Fleetwood Mac is celebrating 50 years as band with a sprawling 61-date tour of North America. And, as has so often been the case in the band’s tumultuous history, the undergoing isn’t without a little drama. This time around, it comes from the conspicuous absence of Lindsay Buckingham. That could have been a fatal flaw, but he has been replaced with not one, but two iconic musicians. (Mike Campbell, a Heartbreaker who toured with Tom Petty for decades, and Neil Finn of Crowded House fame). Instead of detracting from the spectacle, they bring new energy and passion to the mix.

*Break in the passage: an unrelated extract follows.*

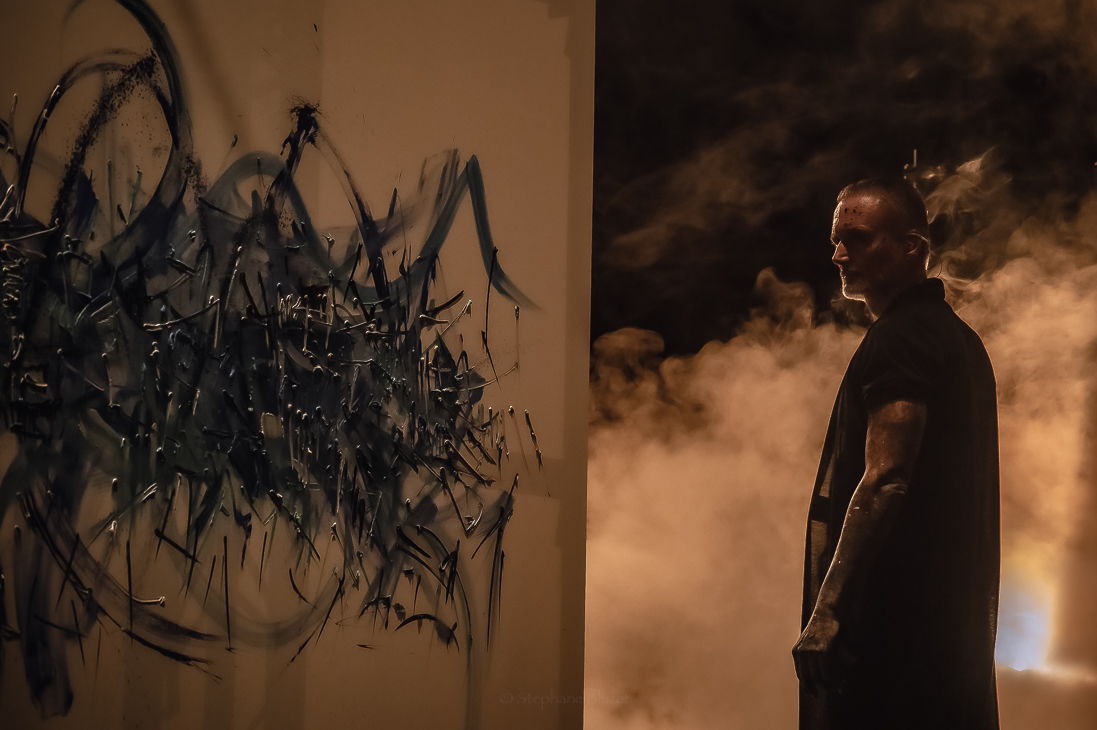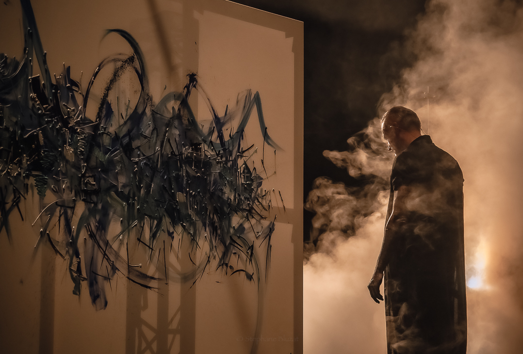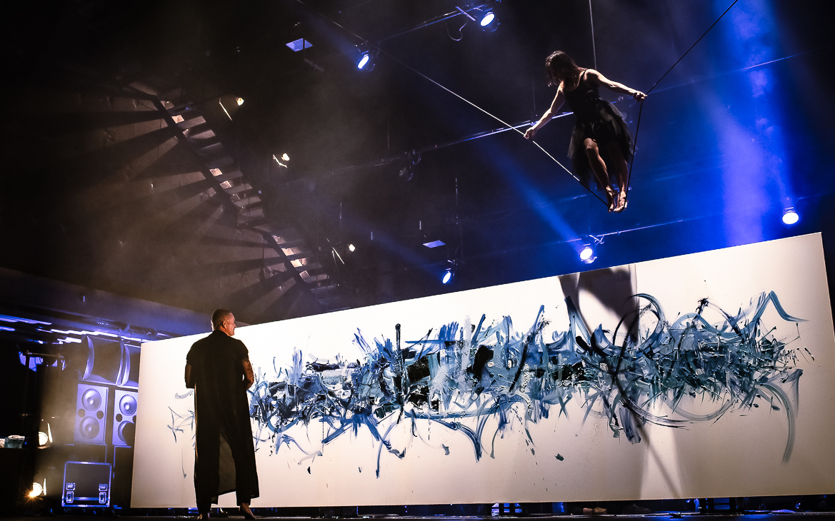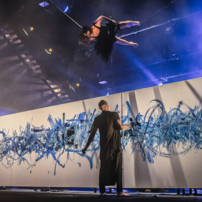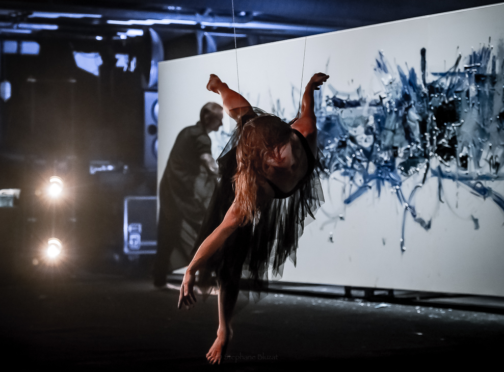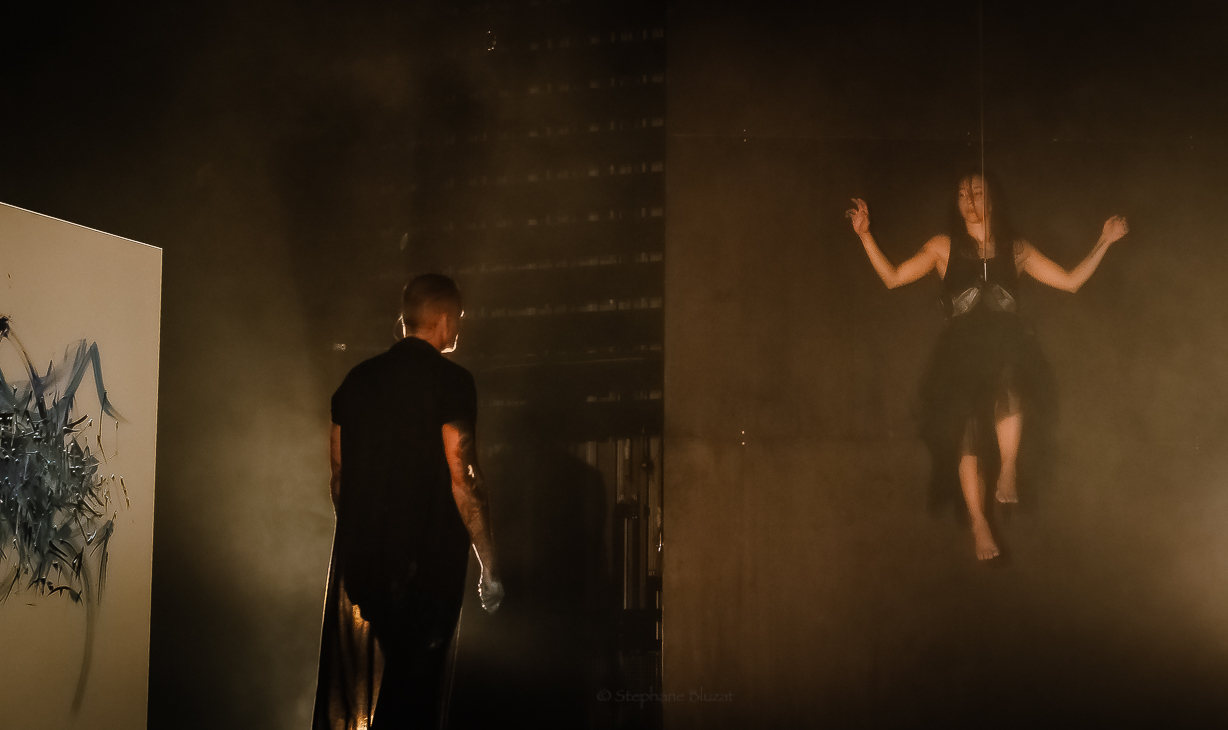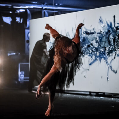 S’inspirant du mythe de Prométhée, Karls pose une réflexion sur notre condition humaine, où l’art apparaît comme une voie pour transcender la solitude et trouver du sens à notre monde. Cybille Soulier, danseuse verticale insuffle une légèreté aérienne qui défie la pesanteur. Son corps en suspension ou en dialogue avec le sol devient un vecteur d’émotions brutes, un langage corporel qui prolonge la peinture, la complète, l’interroge.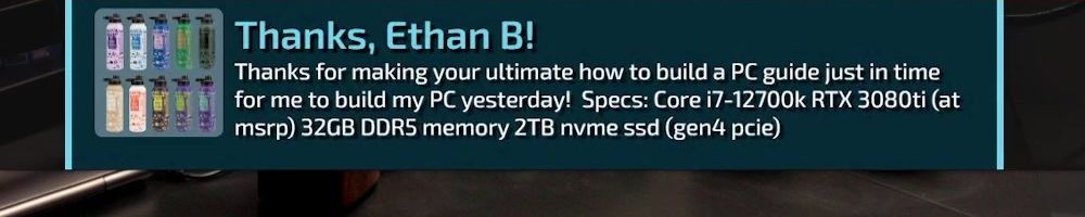 Thanks, Ethan B! Thanks for making your ultimate how to build a PC guide just in time for me to build my PC yesterday! Specs: Core i7-12700k RTX 3080ti (at msrp) 32GB DDR5 memory 2TB nvme ssd (gen4 pcie)

The new-look band performed the first of three shows at The Forum in Los Angeles last night (December 11), reminding all in attendance that classic rock is not a dirty word. In fact, it’s a dying art form that goes a hell of a lot harder than anything playing on AAA radio in 2018. Fleetwood Mac kicked off the two-hour stroll down memory lane with “The Chain” (one of several songs from 1977’s classic Rumors) and then followed it up with “Little Lies” — a track that arrived exactly a decade later. The fact that they both make perfect sense in the Fleetwood Mac universe is a testament to their versatility and unique perspective.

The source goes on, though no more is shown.